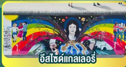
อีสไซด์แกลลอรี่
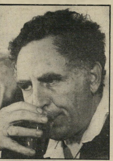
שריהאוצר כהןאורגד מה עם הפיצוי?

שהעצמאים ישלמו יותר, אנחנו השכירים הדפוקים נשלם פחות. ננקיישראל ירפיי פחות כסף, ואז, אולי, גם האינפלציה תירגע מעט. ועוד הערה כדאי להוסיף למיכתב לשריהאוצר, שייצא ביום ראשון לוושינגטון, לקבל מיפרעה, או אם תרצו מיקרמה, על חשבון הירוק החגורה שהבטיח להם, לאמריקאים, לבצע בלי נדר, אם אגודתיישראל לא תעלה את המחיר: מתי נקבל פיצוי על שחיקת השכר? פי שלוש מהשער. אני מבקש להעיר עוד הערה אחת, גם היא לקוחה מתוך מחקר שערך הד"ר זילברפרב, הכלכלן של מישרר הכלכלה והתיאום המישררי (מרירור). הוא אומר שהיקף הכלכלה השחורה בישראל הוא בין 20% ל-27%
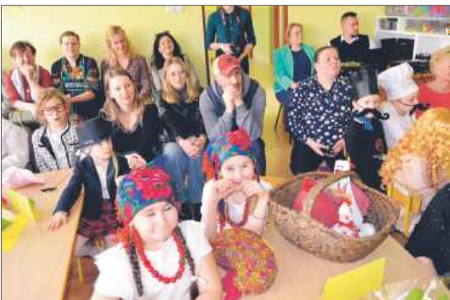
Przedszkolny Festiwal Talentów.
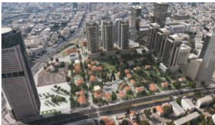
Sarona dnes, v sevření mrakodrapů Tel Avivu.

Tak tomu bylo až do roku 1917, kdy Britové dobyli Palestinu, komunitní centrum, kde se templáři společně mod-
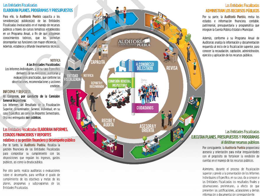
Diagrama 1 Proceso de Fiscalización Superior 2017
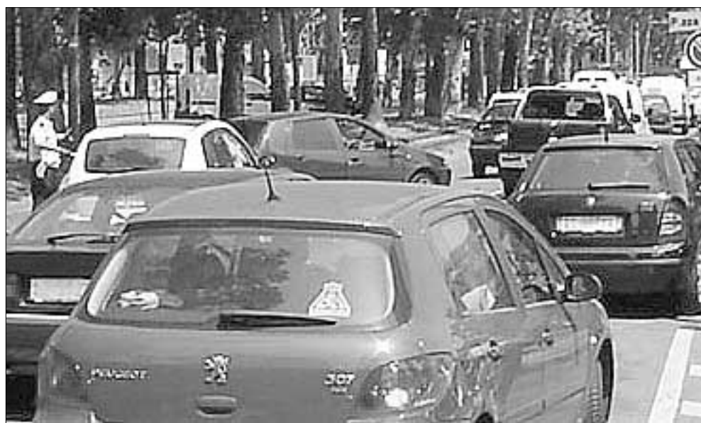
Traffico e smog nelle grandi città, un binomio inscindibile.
■ ■ ■
Skip the pictures; extract only the lines from the line with "Sarona dnes, v sevření mrakodrapů Tel Avivu." through the final line of the material, exactly as they appear.

Sarona dnes, v sevření mrakodrapů Tel Avivu.

Tak tomu bylo až do roku 1917, kdy Britové dobyli Palestinu, komunitní centrum, kde se templáři společně mod-
Diagrama 1 Proceso de Fiscalización Superior 2017
Traffico e smog nelle grandi città, un binomio inscindibile.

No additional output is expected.